WILLIAMS: One last topic for you both, and that is, Boondocks and Aaron McGruder. I don't know if either of you saw the most recent episode of his show on Comedy Central, but it includes in the, you know, just the week before Coretta Scott King's death, an imaginary cartoon of Dr. King lecturing Black America and going off on a rant and finally, in frustration, leaving. Did you happen to see this, either of you?

Mr. TRAYNHAM: I have not seen this, but I did hear about it.

Mr. WALTERS: Yes, I saw it, and I don't think very much of it. I must say, just for full disclosure, that I was on Aaron McGruder's honors thesis committee at the University of Maryland. He was graduating from the University of Maryland. And so, he's a brilliant young man and a lot of sensitivity to him. But he pushes the envelope. There isn't any question about that.

And that's one of the reasons, quite frankly, that he has a cartoon today and why it's syndicated. Because people wanted something different. But there is no question that at some times he does push it too far and sometimes over the line. And I think that when he does that, then certainly African-American leaders, if they have spoken out, have a right, I think, to call him on it.

WILLIAMS: Well, all I've heard is Al Sharpton asked him to apologize to Dr. King, to the King family or something like that.
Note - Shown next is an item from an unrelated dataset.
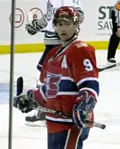 Johnson was selected by the Spokane Chiefs with their 11th-round pick in the 2005 WHL Bantam Draft.[3] In his first season with this team, in 2007–08, he appeared in 69 regular season games, scoring 13 goals and 29 assists. The Chiefs won the Ed Chynoweth Cup that season as the league's champions. The Chiefs subsequently earned a berth in the 2008 Memorial Cup, where they defeated the Kitchener Rangers by a score of 4–1. Johnson played in all 21 playoff games, scoring five goals and adding three assists. He was named the WHL playoffs' Most Valuable Player[4] as a 17-year-old rookie.
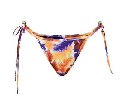 Purple Shadow Leaf Printed Tie Side Bikini Bottoms

Mr. WALTERS: That's right.

WILLIAMS: Anybody else speak out?

Mr. WALTERS: I think Reverend Jackson sort of weighed in and said that this was not appropriate.

WILLIAMS: Robert Trayham?

Mr. TRAYNHAM: Well, as I mentioned before, I have not seen it, but I did hear about it. And if, in fact, the stories are true, this is very, very unfortunate, especially given the fact of Mrs. King's death earlier this week. It's just completely out of character and certainly out of taste and inappropriate. And he should apologize.
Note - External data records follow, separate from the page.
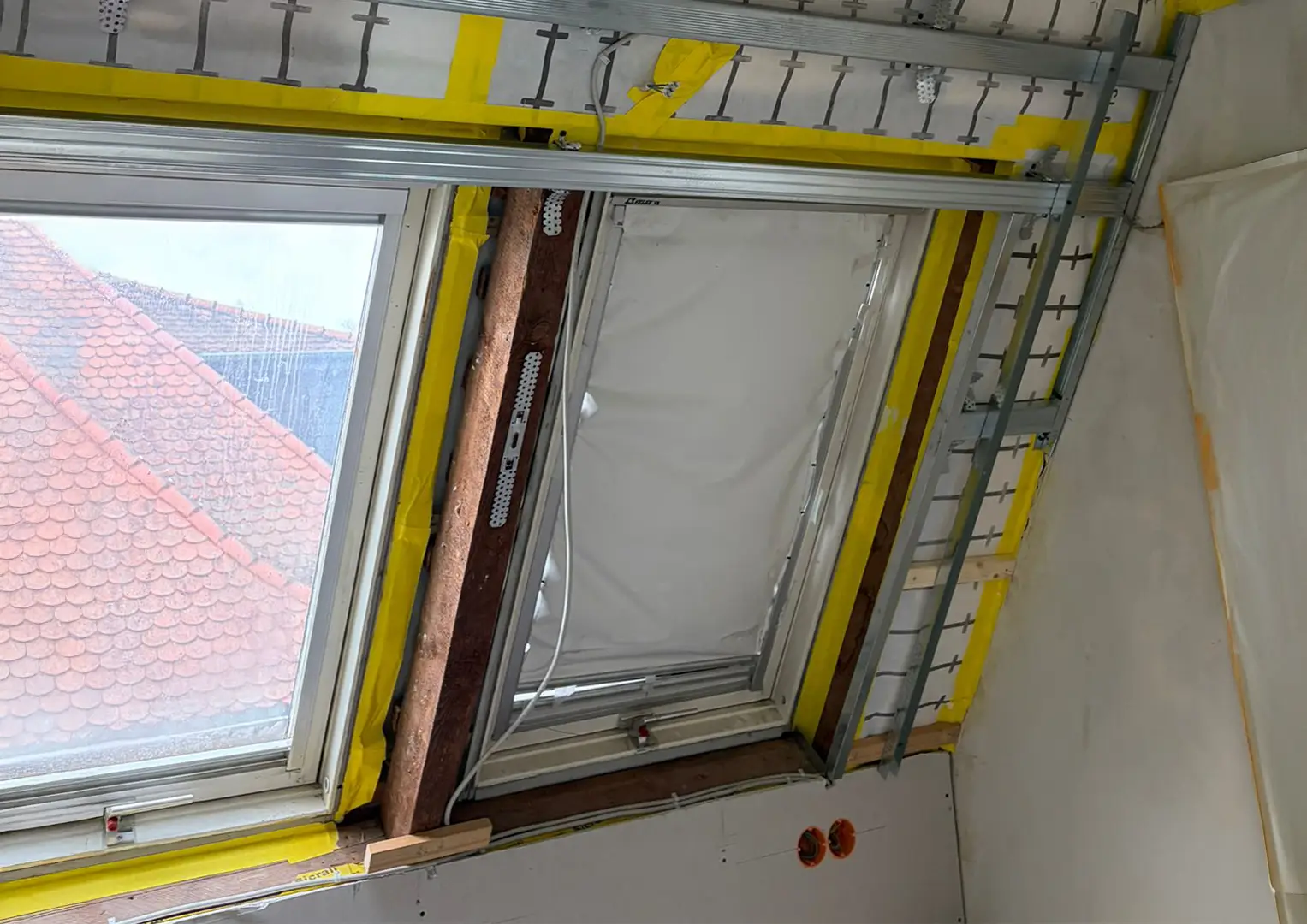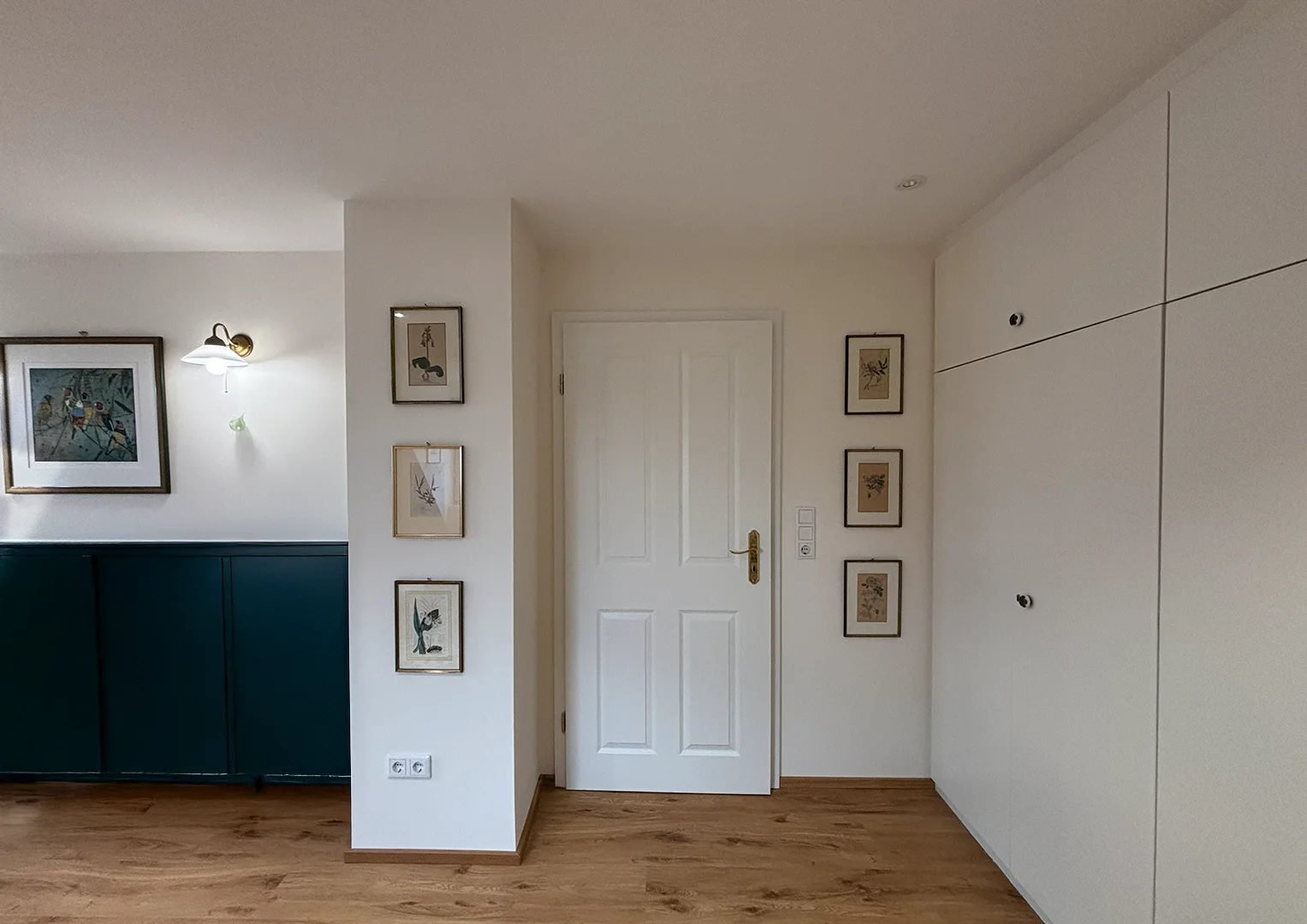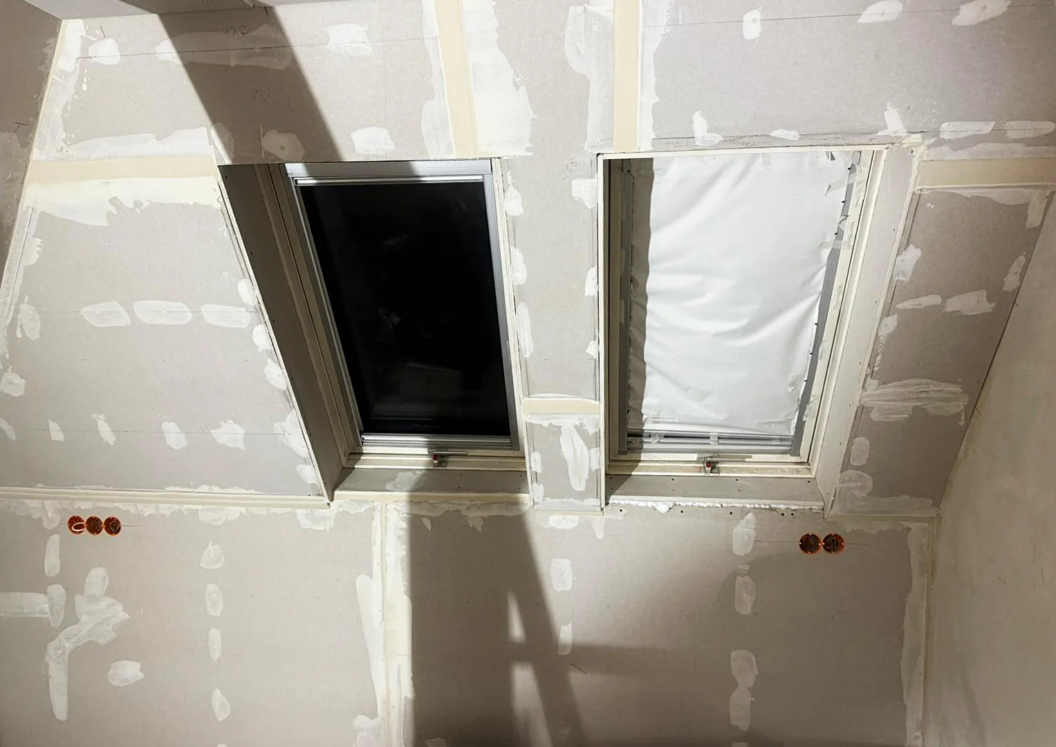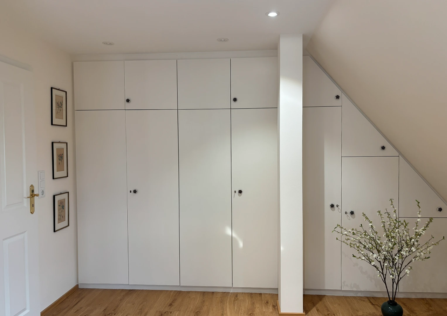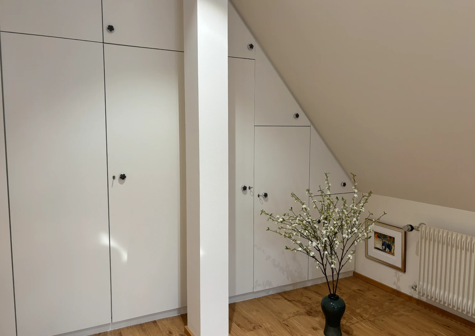 Zu Beginn der Umbauarbeiten wurden die Fronten sämtlicher Einbaumöbel entfernt, die Wand- und Dachschrägenverkleidungen ab- und die Bestandstüren ausgebaut. Anschließend erfolgte die innere Dachsanierung: Der Raum wurde abgedichtet, gedämmt und alle Flächen – Wände, Dachschrägen und Decke – mit Gipskarton verkleidet. Nach dem Spachteln und Streichen in einem hellen Farbton entstanden klare, freundliche Flächen, die die gewünschte offene und ruhige Raumatmosphäre unterstützen.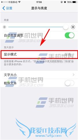 1)进入设置界面点击【显示与亮度】,再点击【显示模式】。(如下图)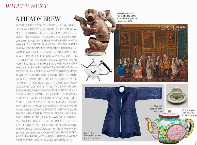 In the early 20th century, the Japanese scholar Kakuzo Okakura defined "Teaism" as "a cult founded on the adoration of the beautiful among the sordid facts of everyday existence". If it seems that we're living in the heyday of teaism. With new tea shops an salons bubbling up in cities around the world, a show at the Norton Museum of Art in West Palm Beach, Florida, proves that the ritual of sitting down to a steaming cup is nothing new, and has endured for more than amillennium. "High Tea: Glorious Manifestations - East and West" features more than 125 teapots and serving tools, paintings, and garments that illustrate how the humbe drink became a nexus between design, erudition, status, and spirituality. The far-reaching show spans epochs and continents, from 12th-century Korean pottery - which a Chinese enviy deemed "first under Heaven" - to a elegantly austere silver teapot fashioned by Paul Revere; from a glimmering sevres tea service illustrated with portraits of Emperor Napoleon and his family, to wilhelm Wagenfeld's ingenious glass teapot, still in production. Lest you think practitioners of teaism take themselves too seriously, witness the whimsical monkeys on Joachim Kandler's 1735 teapot for meissen, with a baby ape forming the spout (February 19 - May 24; Norton. org).

WILLIAMS: Robert Traynham is a Republican political strategist based here in Washington. He joined us on the phone because he's active even today on Capitol Hill. And Professor Ron Walters, professor of political science at the University of Maryland. His lates book, Freedom is not Enough. Gentlemen, thank you so much for joining us today.

Mr. TRAYNHAM: Thank you, Juan.

Mr. WALTERS: Good to be with you.

WILLIAMS: Back to you, Ed.

Mr. TRAYNHAM: Go Steelers!

Mr. WALTERS: We're together.

WILLIAMS: Back to you, Ed.

GORDON: All right, Juan, thanks very much. Appreciate it. Join us every Thursday for senior correspondent Juan Williams and his beltway insiders right here on our political corner.